Your objective. Copy exactly the lines of the records below, and only those lines, beginning with the line that contains "峽谷底部是奔騰而過的怒江水流" and ending with the line that contains "Rozłożenie geowłókniny zapobiegającej".

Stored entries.

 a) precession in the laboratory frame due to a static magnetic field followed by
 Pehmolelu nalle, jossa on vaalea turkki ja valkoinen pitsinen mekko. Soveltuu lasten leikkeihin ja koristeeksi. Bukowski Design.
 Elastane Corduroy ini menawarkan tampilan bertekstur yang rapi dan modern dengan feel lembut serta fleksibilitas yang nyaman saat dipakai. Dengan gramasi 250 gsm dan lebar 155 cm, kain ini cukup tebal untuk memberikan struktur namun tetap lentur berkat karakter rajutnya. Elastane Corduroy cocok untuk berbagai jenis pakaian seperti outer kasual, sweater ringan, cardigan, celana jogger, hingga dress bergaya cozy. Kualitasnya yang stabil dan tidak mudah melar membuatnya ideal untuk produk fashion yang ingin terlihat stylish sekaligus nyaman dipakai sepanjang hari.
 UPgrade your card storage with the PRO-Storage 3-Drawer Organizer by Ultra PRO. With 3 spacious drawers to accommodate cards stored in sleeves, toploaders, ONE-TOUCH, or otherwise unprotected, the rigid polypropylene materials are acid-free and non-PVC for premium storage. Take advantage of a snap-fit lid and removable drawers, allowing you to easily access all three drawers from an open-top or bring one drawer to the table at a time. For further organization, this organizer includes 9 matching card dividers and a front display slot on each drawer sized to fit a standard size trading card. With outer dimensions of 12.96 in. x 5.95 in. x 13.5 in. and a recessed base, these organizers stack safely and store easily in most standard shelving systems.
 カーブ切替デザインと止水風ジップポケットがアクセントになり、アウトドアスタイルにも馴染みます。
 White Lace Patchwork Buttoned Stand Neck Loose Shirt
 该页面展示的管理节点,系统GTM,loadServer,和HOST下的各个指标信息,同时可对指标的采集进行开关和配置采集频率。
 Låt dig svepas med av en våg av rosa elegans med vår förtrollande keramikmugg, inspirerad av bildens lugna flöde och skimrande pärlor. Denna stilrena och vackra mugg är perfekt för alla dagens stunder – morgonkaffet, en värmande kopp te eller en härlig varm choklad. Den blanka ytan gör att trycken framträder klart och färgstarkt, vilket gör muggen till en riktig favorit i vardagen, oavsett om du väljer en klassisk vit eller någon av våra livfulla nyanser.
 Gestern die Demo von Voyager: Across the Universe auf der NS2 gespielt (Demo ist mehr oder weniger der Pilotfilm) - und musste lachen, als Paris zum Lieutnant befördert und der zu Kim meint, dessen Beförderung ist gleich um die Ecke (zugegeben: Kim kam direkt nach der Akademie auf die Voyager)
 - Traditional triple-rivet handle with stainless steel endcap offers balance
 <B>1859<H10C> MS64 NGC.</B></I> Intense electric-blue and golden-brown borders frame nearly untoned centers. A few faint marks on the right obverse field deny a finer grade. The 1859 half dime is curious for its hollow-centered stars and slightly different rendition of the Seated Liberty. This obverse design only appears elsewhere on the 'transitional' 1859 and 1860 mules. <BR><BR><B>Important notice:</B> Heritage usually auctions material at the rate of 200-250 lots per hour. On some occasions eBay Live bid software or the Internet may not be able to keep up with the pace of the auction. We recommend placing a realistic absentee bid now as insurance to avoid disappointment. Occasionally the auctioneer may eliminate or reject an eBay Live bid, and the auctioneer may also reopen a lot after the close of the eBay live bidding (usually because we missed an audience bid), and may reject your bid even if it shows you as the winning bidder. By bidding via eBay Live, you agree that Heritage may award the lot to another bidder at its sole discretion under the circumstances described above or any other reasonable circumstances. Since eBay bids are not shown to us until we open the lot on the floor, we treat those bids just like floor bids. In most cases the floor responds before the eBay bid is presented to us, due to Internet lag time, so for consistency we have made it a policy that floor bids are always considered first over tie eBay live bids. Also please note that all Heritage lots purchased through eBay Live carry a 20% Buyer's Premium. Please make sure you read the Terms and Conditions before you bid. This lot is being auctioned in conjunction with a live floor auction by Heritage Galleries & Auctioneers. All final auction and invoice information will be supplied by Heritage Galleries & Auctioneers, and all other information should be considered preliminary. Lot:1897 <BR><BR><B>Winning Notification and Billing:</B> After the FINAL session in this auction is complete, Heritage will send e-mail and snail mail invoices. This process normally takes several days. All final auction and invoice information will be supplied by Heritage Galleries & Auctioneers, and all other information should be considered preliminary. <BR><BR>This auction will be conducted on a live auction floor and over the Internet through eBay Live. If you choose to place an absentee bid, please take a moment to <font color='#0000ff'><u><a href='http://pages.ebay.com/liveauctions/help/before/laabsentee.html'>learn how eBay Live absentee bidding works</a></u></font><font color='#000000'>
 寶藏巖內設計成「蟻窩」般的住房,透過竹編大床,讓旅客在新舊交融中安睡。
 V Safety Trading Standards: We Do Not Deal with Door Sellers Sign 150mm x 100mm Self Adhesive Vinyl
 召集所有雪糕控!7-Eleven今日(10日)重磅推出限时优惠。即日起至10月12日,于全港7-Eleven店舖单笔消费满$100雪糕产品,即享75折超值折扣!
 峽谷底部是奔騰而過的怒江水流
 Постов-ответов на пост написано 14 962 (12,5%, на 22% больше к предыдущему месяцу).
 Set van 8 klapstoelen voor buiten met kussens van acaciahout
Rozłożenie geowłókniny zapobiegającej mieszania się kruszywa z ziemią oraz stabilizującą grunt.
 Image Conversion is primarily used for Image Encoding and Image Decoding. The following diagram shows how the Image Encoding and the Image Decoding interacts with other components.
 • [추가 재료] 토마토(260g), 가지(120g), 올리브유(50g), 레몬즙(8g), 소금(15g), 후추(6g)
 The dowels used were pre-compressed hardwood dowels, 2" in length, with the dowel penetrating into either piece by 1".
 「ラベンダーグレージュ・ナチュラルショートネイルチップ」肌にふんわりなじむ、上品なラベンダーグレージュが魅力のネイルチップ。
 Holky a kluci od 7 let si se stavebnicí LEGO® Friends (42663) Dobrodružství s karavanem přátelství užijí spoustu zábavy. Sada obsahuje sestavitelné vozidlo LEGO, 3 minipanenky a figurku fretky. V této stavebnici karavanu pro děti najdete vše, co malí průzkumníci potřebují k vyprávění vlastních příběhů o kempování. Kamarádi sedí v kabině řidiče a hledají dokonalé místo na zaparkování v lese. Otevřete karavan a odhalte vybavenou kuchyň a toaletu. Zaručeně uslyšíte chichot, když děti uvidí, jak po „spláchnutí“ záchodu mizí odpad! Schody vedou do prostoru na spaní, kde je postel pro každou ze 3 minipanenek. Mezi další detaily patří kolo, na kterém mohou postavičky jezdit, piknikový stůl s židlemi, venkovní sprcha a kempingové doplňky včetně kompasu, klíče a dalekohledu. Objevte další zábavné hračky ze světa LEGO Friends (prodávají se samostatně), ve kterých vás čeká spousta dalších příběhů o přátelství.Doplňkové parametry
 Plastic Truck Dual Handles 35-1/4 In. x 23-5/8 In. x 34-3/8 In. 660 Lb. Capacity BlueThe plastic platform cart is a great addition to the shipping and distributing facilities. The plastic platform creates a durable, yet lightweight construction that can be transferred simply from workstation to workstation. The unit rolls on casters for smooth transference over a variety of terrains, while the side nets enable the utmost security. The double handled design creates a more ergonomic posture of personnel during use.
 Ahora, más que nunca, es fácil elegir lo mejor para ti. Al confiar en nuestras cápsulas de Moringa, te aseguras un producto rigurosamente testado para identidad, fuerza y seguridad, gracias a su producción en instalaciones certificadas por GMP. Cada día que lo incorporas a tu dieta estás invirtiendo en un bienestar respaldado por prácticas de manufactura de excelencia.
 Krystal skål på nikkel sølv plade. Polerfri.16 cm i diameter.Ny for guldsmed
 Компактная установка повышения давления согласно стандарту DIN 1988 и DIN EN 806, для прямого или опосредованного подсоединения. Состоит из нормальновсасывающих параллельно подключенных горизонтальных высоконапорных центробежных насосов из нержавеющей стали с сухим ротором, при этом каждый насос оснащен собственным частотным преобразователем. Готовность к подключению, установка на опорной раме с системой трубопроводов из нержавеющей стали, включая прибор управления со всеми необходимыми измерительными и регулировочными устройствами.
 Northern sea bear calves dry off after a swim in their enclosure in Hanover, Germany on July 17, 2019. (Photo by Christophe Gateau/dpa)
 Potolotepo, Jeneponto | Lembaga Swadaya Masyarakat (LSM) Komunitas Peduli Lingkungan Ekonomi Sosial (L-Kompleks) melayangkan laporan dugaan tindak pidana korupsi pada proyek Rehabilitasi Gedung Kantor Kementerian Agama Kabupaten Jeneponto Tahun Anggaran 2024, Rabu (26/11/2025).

Written solution.
 峽谷底部是奔騰而過的怒江水流
 Постов-ответов на пост написано 14 962 (12,5%, на 22% больше к предыдущему месяцу).
 Set van 8 klapstoelen voor buiten met kussens van acaciahout
Rozłożenie geowłókniny zapobiegającej mieszania się kruszywa z ziemią oraz stabilizującą grunt.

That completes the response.